# DATA EXTRACTS

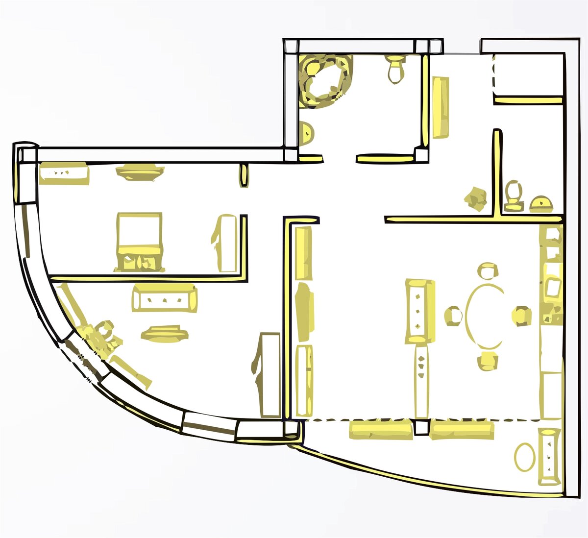 Почему-то часто квартиры со скошенными и закругленными внешними стенами выдают за элитное жилье. Хотя такая планировка далека от идеальной, а иногда и вовсе крайне неудобна. Так что старайтесь избегать полукруглых стен, не усложняйте себе жизнь.
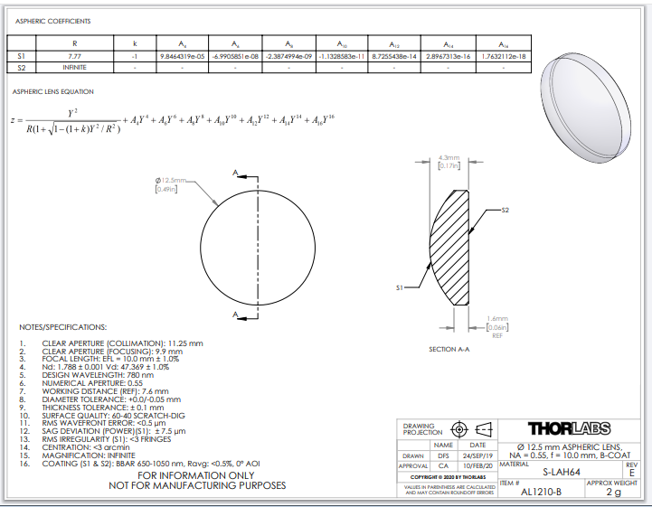 Thorlabs索雷博 AL1210-B 非球面透镜
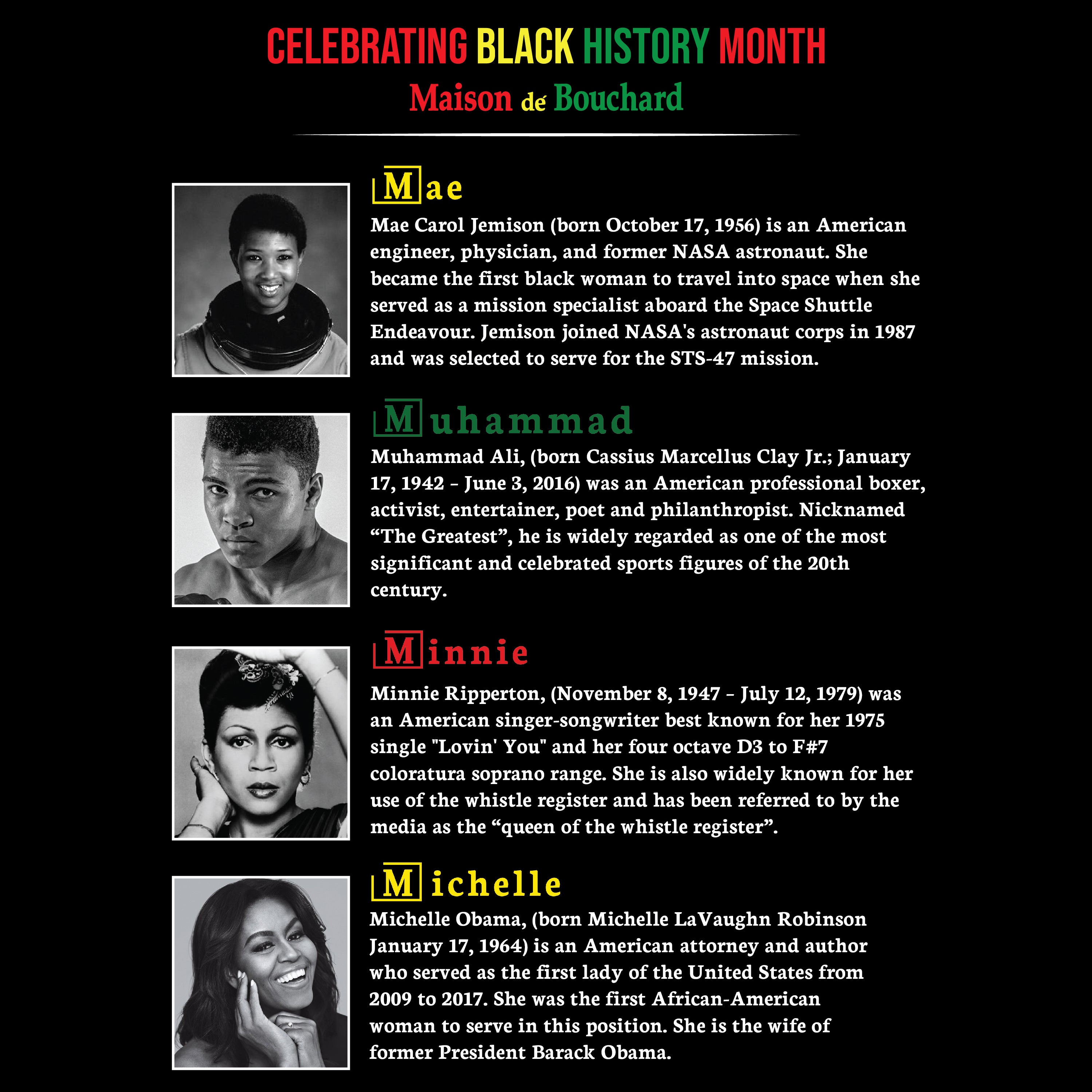 Celebrating Black History by honoring the legacies of some of the trailblazers that have made a tremendous impact in our lives, Maison dé Bouchard introduces the Black History Month capsule. This collection highlights the accomplishments of some of the heroes that have made so much possible, hoping to inspire everyone to continue learning from the past to pave the path for a better today and tomorrow.
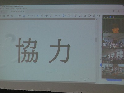 そこでポイントが「協力」です。「協」の字は、3つの力に、さらに力が合わさっています。みんなが協力できる学級を目指して、一人ひとりの持っている力を合わせることが、大きな力となっていきます。
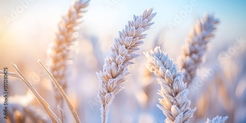Fototapeta premium Frost covered wheat stalks glisten in the morning light, showcasing the...
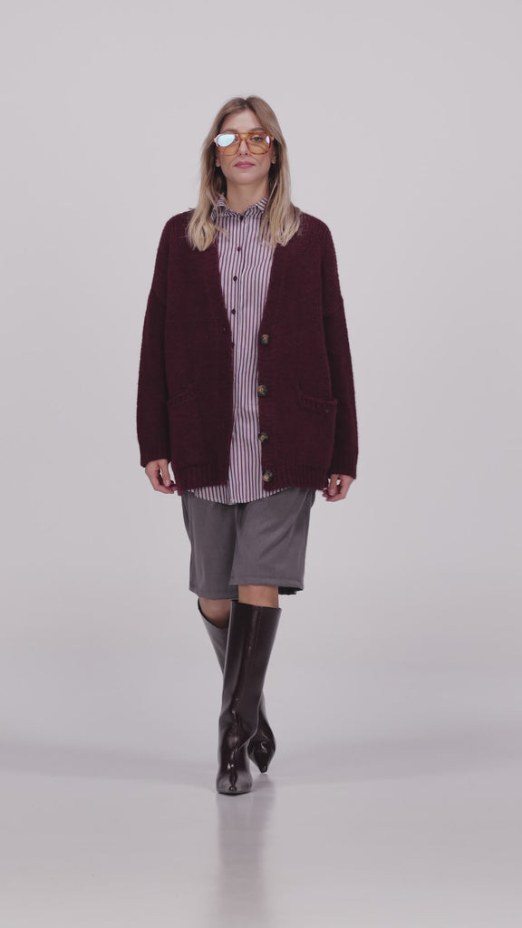 CARDIGAN IN MAGLIA OVER, SPALLA MOLTO SCESA, TASCHE FRONTALI
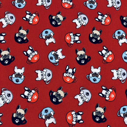 55% pamut - 45% poliészter méteráru, 140 cm széles. Legkisebb rendelési mennyiség 1 méter. 140 cm széles loneta lakástextil, dekorvászon - extra minőségű spanyol termék. Cuki kis bulldogok csücsülnek tappancs mintás kis csészékben. Piros alapszínű d
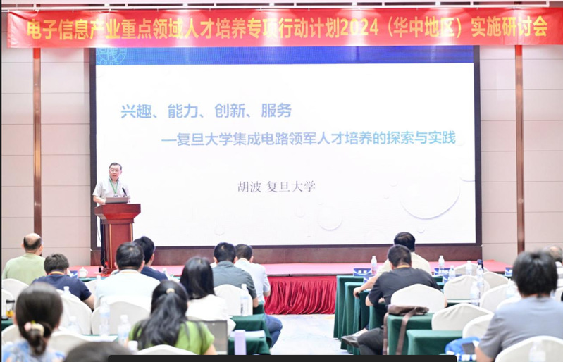 研讨会上,教育部电子信息类专业教学指导委员会委员、复旦大学继续教育学院院长胡波,做了“兴趣、能力、创新、服务--复旦大学集成电路领军人才培养的探索与实践”的报告,介绍了当前集成电路人才培养的现状以及复旦大学的培养模式和思路。此外,中国科学院计算研究所、华纳九天、高云FPGA等专家对电子信息类技术发展、人才需求进行了分析和报告,为高校电子信息重要领域人才培养具有重要指导作用。
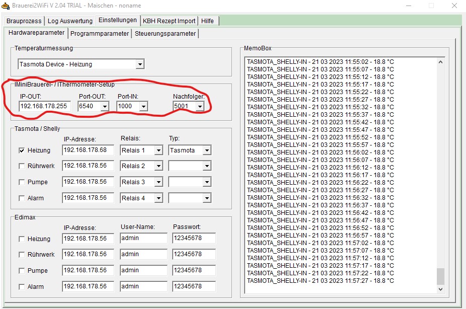 Dann in dem IMiniBrauerei Wemos Port Out= 5002 und Port In= 5001 einstellen
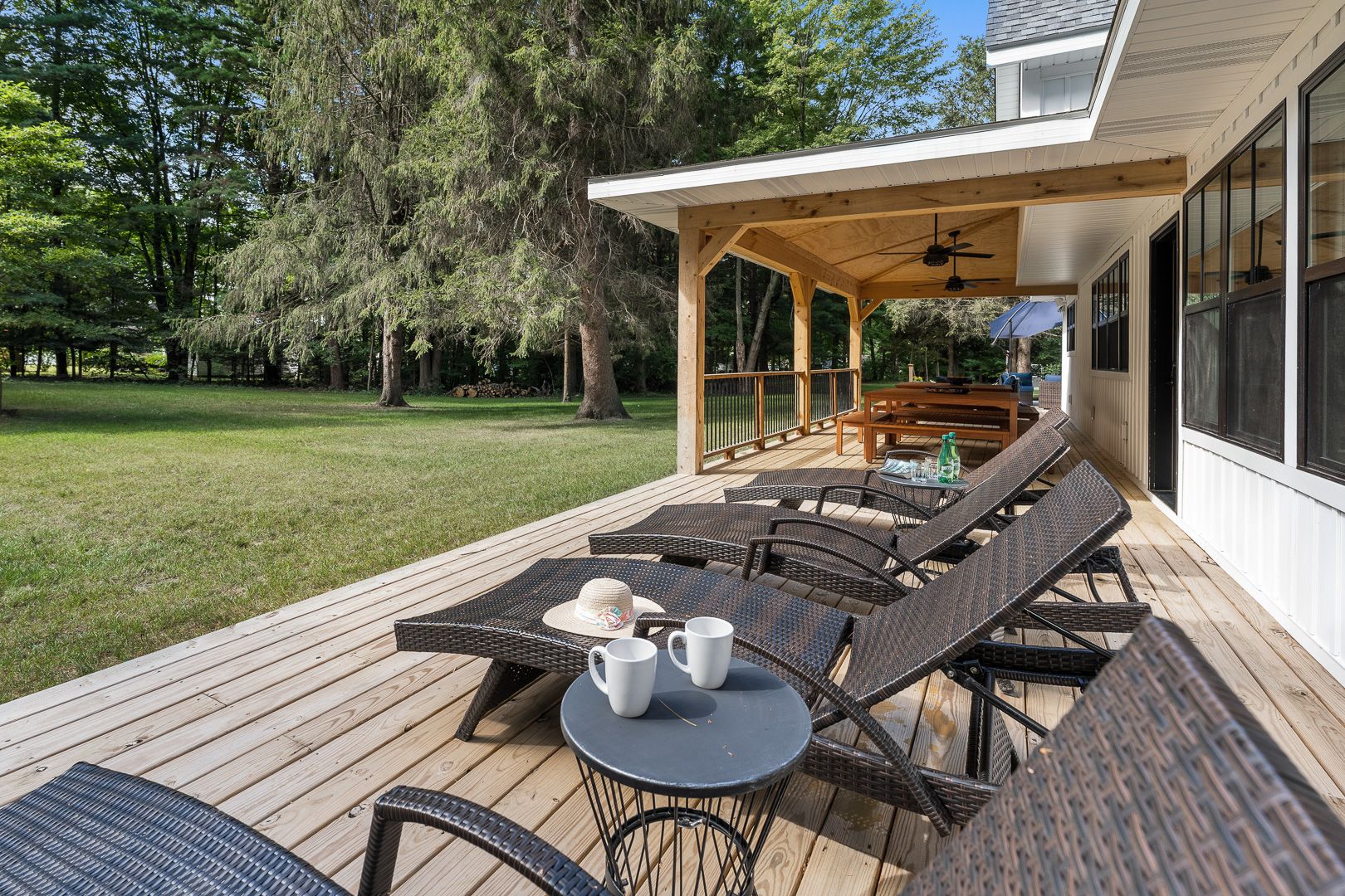 This stunning waterfront home is perfect for family gatherings. It's stylish yet cosy and complemented by the waterfront setting on Saddle Lake. Boredom is impossible here, with two kayaks and a canoe to explore the water – you can also launch boats at the public beach and moor them on the private dock. Feeling active? There's a pickleball, basketball, and volleyball court, plus softball, bocce, and other games. A fire pit and a hot tub complete the outdoor activities, while inside, you’ll have a pool table, karaoke machine, and an ice cream maker – the kids will never want to leave. Breweries and wineries are nearby, and you’ll be within easy reach of hiking and biking trails, including the 33-mile Kal-Haven trail.

# TASK ITEM
Go back to the lines above and output, exactly as they stand, the ones from the line containing "Thorlabs索雷博 AL1210-B 非球面透镜" to the line containing "CARDIGAN IN MAGLIA". Leave all pictures behind.

# REPLY
 Thorlabs索雷博 AL1210-B 非球面透镜
 Celebrating Black History by honoring the legacies of some of the trailblazers that have made a tremendous impact in our lives, Maison dé Bouchard introduces the Black History Month capsule. This collection highlights the accomplishments of some of the heroes that have made so much possible, hoping to inspire everyone to continue learning from the past to pave the path for a better today and tomorrow.
 そこでポイントが「協力」です。「協」の字は、3つの力に、さらに力が合わさっています。みんなが協力できる学級を目指して、一人ひとりの持っている力を合わせることが、大きな力となっていきます。
Fototapeta premium Frost covered wheat stalks glisten in the morning light, showcasing the...
 CARDIGAN IN MAGLIA OVER, SPALLA MOLTO SCESA, TASCHE FRONTALI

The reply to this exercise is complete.